Variant annotation

Arabidopsis thaliana

Caenorhabditis elegans

We are starting to see a few examples of isoform-specific functions and/or localization in the C. elegans literature. In the cases where we can confidently match the isoform to a Wormpep protein identifier (e.g., WP:CE25075), then we make the annotation specifically to that isoform. If, from the paper, we can't determine the specific isoform used, then by deafult we make the annotation to all of the protein isoforms.

Danio rerio

We almost never have enough info to curate to the level of a splice variant. Our annotations are applied at the level of the gene.

Dictyostelium discoideum

So far we only have a few genes and publications that described splice variants, and the papers never described different functions for the different variants. Hence, we currently don't capture annotations to different variants of gene products.

Drosophila melanogaster

At the moment we attach all GO terms to genes. We are in the process of figuring out how to move to change our curation method to annotating proteins. In the meantime we make an internal note for papers that describe isoform specific info so that we can revisit these.

Escherichia coli

Gallus gallus

We are using UniProtKB accession IDs wherever possible and this allows us to annotate specific isoforms if required.

Homo sapiens

The human group annotates to UniProtKB accessions. When a paper provides isoform-specific information, then this data can be captured using the appropriate UniProt isoid. E.g. Q4VCS5-1, Q4VCS5-2. When isoform-specific information is not provided then the top-level UniProt accession number is only annotated to, e.g. Q4VCS5.

Mus musculus

For each annotation, MGI has a "notes field" that is not available to the public. That note has a structure as follows:

evidence:
anatomy:
cell type:
gene product:
qualifier:
target:
external ref:
text:

If a paper actually specifies a specific isoform, the appropriate refseq is entered into the "gene_product" field

eg, For the annotation of MGI:1341722,Kcnh2,to GO:0005886, plasma membrane,by IDA, the field would look like:

gene_product:SPKW:O35219-1

We presently only have about 300 of these with experimental evidence codes, annotated after the adoption of the structured notes. So QC has to be done for some. Annotations done prior to that will not have any entry, as we had no way of capturing the data. We are looking at ways to "back annotate" by identifying having multiple isoforms identified in references that have been used for GO annotation at MGI.

Rattus norvegicus

There are not too many splice variants currently in the database.

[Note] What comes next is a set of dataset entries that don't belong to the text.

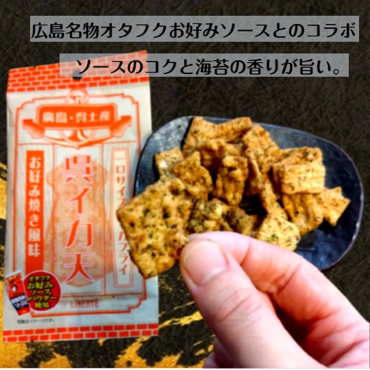イカフライスナックお好み焼き風味は、広島名物オタフクお好みソースとのコラボ商品です。ソースの旨味の香りをお楽しみください。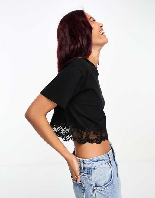 Miss Selfridge boxy short sleeve crop top with lace hem in black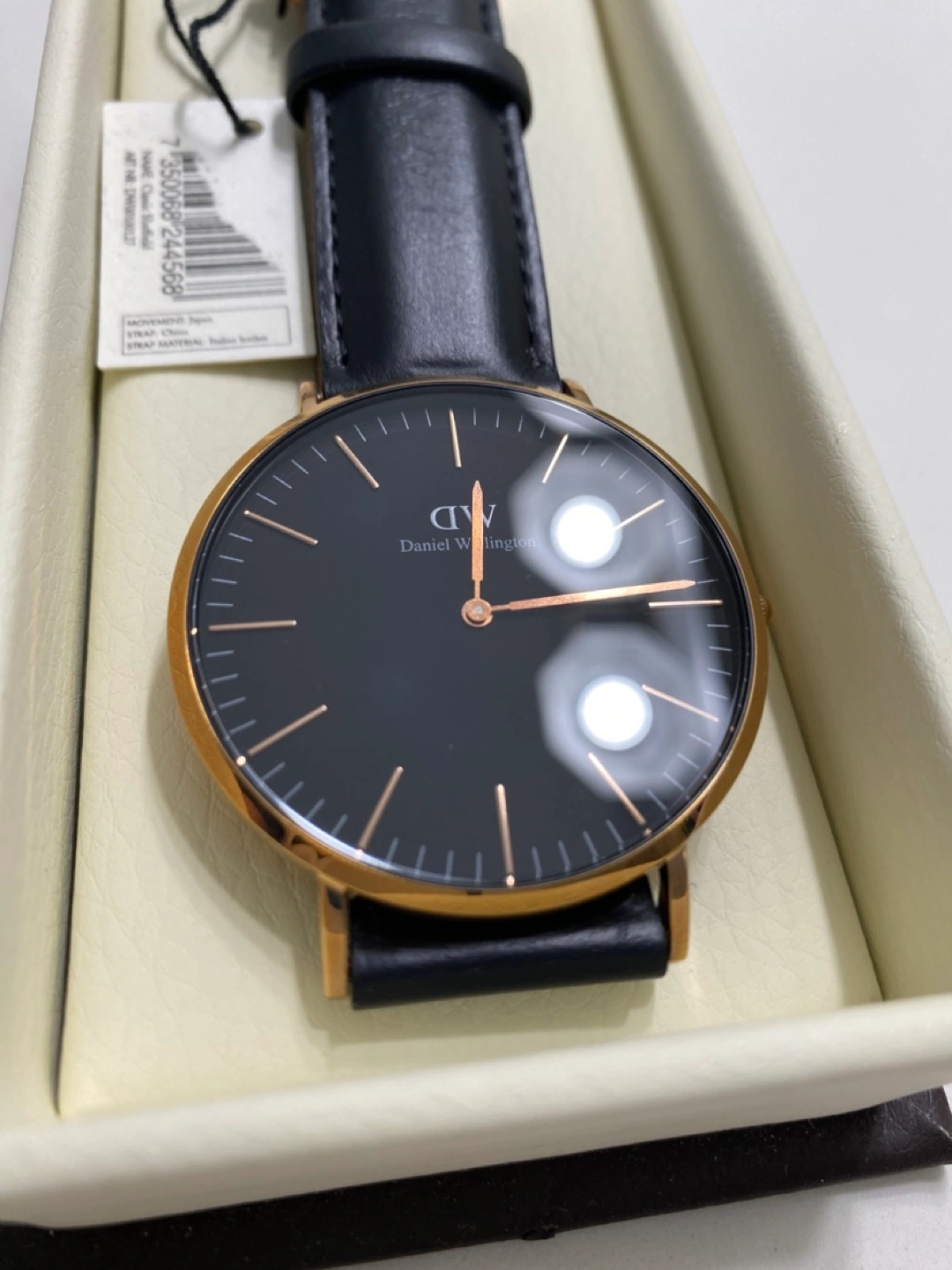 Stylish Daniel Wellington Watch - rose gold with black leather straps. New in box. Please see picture 3 - there are some surface cracks on one of the leather straps. I have also included a picture of the other strap that is smooth with no cracks. You will have to replace the batteries. Pick up around McCowan and Alton Towers area. Cash only.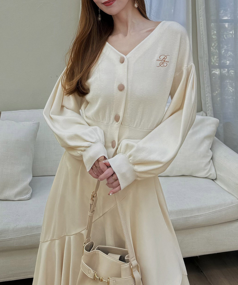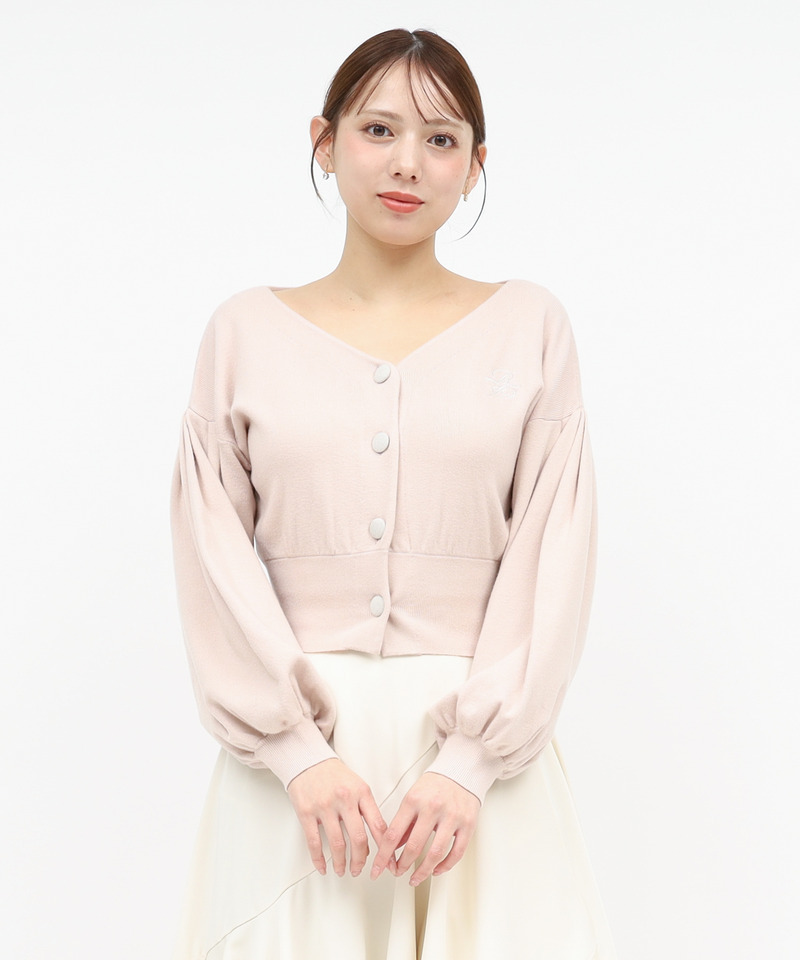 胸元に施されたオリジナルロゴ刺しゅうや配色くるみ釦がアクセントとなり目を惹くカーデトップス。

Those that are have their own DB:ID, get the symbol of the parent gene with underscore vnumber followed by variant of symbol in parentheses with symbol hyperlinked to the report page of the parent gene. Example:geneX_v1 (variant of geneX). The variants can also be accessed from the top level gene. The variants may have some mapping, sequence, other external database links, if applicable. They seldom have annotations. It may happen that the information in the literature allows for annotation of the splice variants but that is rather rare.

Saccharomyces cerevisiae

We have very few documented cases of splice variants, and our database structure currently cannot display splice variants. So, we do not at this time annotate splice variants. We are working on a database restructure so that we can represent different splice variants, but it has not yet been implemented.